▶ [Exercise requirements]: Output the data verbatim, minus the images.

▶ [Data for this task]:
== Segment start ==

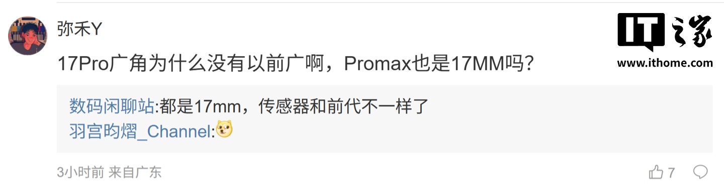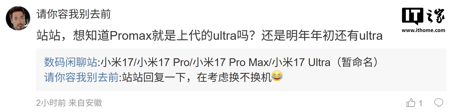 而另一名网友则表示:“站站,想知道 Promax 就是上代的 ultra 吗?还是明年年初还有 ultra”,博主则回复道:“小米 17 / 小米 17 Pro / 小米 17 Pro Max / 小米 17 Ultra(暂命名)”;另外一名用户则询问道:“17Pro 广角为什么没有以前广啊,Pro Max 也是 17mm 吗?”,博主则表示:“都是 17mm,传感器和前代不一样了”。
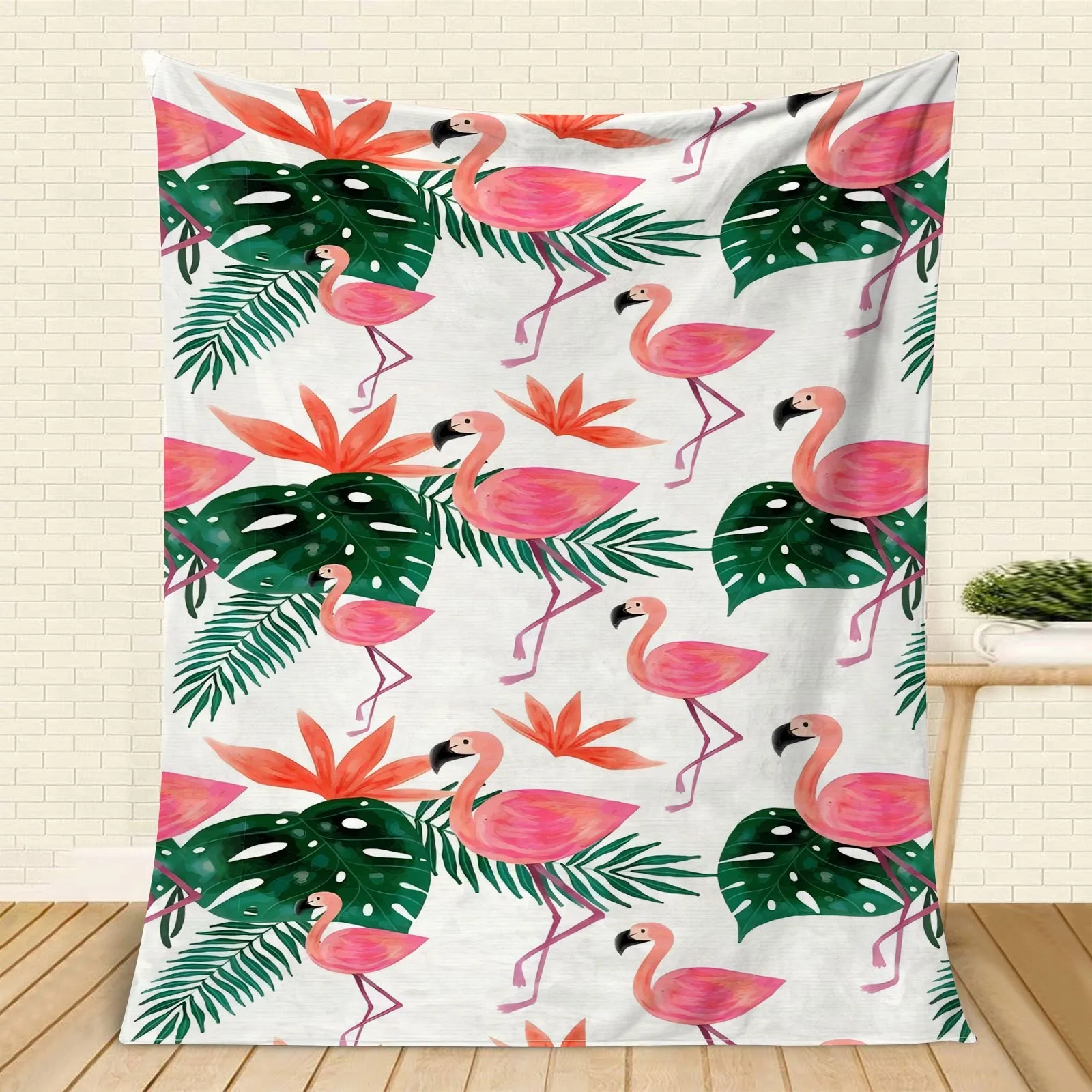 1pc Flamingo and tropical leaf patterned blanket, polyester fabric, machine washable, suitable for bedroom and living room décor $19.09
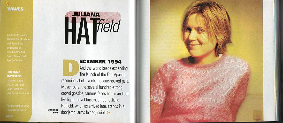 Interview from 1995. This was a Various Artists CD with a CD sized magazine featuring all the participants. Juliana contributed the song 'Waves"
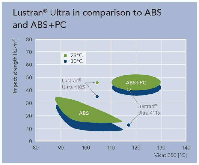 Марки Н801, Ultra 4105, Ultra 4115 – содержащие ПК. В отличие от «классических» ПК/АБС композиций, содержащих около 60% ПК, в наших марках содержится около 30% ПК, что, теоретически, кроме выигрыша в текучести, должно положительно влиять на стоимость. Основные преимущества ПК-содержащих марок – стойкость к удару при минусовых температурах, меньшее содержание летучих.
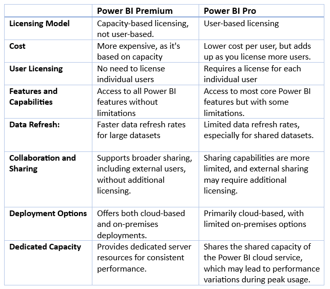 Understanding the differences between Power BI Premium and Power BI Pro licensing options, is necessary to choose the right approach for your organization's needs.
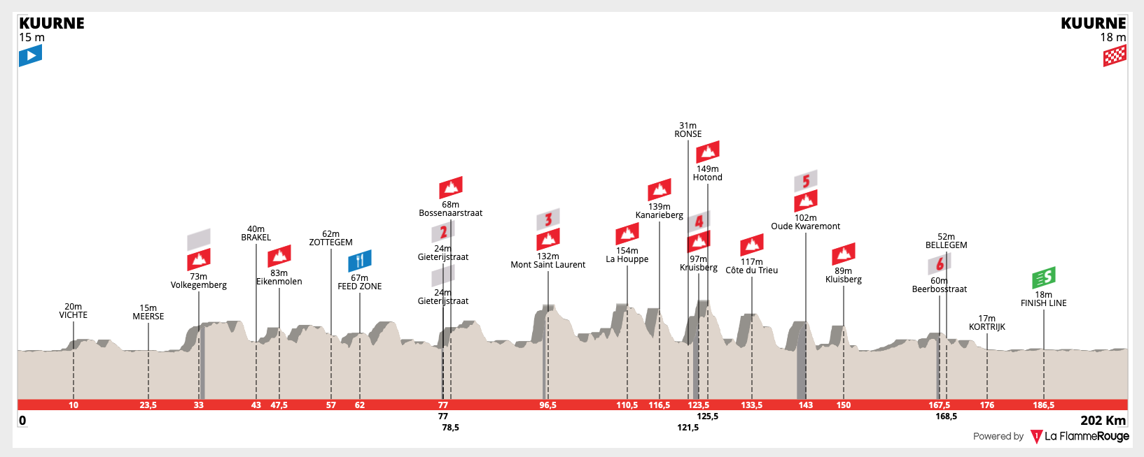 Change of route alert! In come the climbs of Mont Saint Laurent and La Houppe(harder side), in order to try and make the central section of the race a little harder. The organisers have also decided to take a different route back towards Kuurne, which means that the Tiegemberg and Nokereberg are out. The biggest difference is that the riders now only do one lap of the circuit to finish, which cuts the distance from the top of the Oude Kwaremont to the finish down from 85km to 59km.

== Segment end ==

▶ [Task output]:
 而另一名网友则表示:“站站,想知道 Promax 就是上代的 ultra 吗?还是明年年初还有 ultra”,博主则回复道:“小米 17 / 小米 17 Pro / 小米 17 Pro Max / 小米 17 Ultra(暂命名)”;另外一名用户则询问道:“17Pro 广角为什么没有以前广啊,Pro Max 也是 17mm 吗?”,博主则表示:“都是 17mm,传感器和前代不一样了”。
 1pc Flamingo and tropical leaf patterned blanket, polyester fabric, machine washable, suitable for bedroom and living room décor $19.09
 Interview from 1995. This was a Various Artists CD with a CD sized magazine featuring all the participants. Juliana contributed the song 'Waves"
 Марки Н801, Ultra 4105, Ultra 4115 – содержащие ПК. В отличие от «классических» ПК/АБС композиций, содержащих около 60% ПК, в наших марках содержится около 30% ПК, что, теоретически, кроме выигрыша в текучести, должно положительно влиять на стоимость. Основные преимущества ПК-содержащих марок – стойкость к удару при минусовых температурах, меньшее содержание летучих.
 Understanding the differences between Power BI Premium and Power BI Pro licensing options, is necessary to choose the right approach for your organization's needs.
 Change of route alert! In come the climbs of Mont Saint Laurent and La Houppe(harder side), in order to try and make the central section of the race a little harder. The organisers have also decided to take a different route back towards Kuurne, which means that the Tiegemberg and Nokereberg are out. The biggest difference is that the riders now only do one lap of the circuit to finish, which cuts the distance from the top of the Oude Kwaremont to the finish down from 85km to 59km.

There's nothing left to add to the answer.